- Film poster
- Directed by: Georges Lautner
- Screenplay by: Michel Audiard; Georges Lautner; Jacques Audiard;
- Based on: Death of a Thin-Skinned Animal 1976 novel by Patrick Alexander
- Produced by: Alain Belmondo
- Starring: Jean-Paul Belmondo
- Cinematography: Henri Decaë
- Edited by: Michelle David
- Music by: Ennio Morricone
- Production company: Les Films Ariane
- Distributed by: Gaumont Distribution
- Release date: 21 October 1981;
- Running time: 109 minutes
- Country: France
- Language: French
- Budget: $3.5 million
- Box office: $63.4 million

= The Professional (1981 film) =

The Professional (original title: Le Professionnel /fr/) is a 1981 French action thriller film directed by Georges Lautner. The film stars Jean-Paul Belmondo as the title role. The film is based on the 1976 novel Death of a Thin-Skinned Animal by Patrick Alexander.

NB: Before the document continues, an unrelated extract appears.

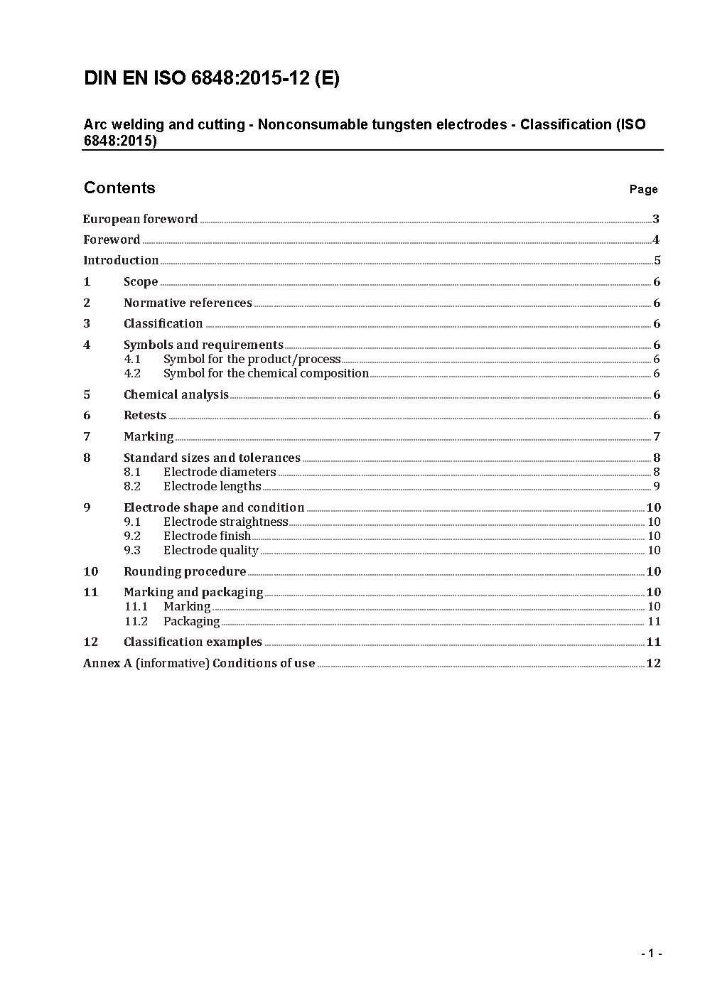 This International Standard specifies requirements for classification of nonconsumable tungsten electrodes for inert gas shielded arc welding, and for plasma welding, cutting and thermal spraying.

The film was a commercial success upon its theatrical release and was the fourth most watched feature film in France in 1981 behind La Chèvre, Raiders of the Lost Ark and The Fox and the Hound, selling 5,243,559 tickets.

==Plot==
The Service de documentation extérieure et de contre-espionnage (SDCE, French secret service) agent, Josselin Beaumont, known as Joss, is sent to Malagawi (fictitious country, representing the former French colonies in Africa at the dawn of the 1980s), to kill the country's president for life, Colonel N'Jala, dictator and enemy of French interests. But, the political situation having changed, the French secret services no longer had any interest in having N'Jala killed and, rather than simply recalling Beaumont, denounce him to President N'Jala, on orders from the Élysée. At the end of a speedy trial where he is drugged to confess, Joss is sentenced to forced labor. After two years of slavery, abuse, suffering and multiple tortures, he escapes and returns to Paris with only one idea in mind, to take revenge on his superiors by accomplishing his initial mission: to kill N'Jala, taking advantage of a diplomatic trip by him to France.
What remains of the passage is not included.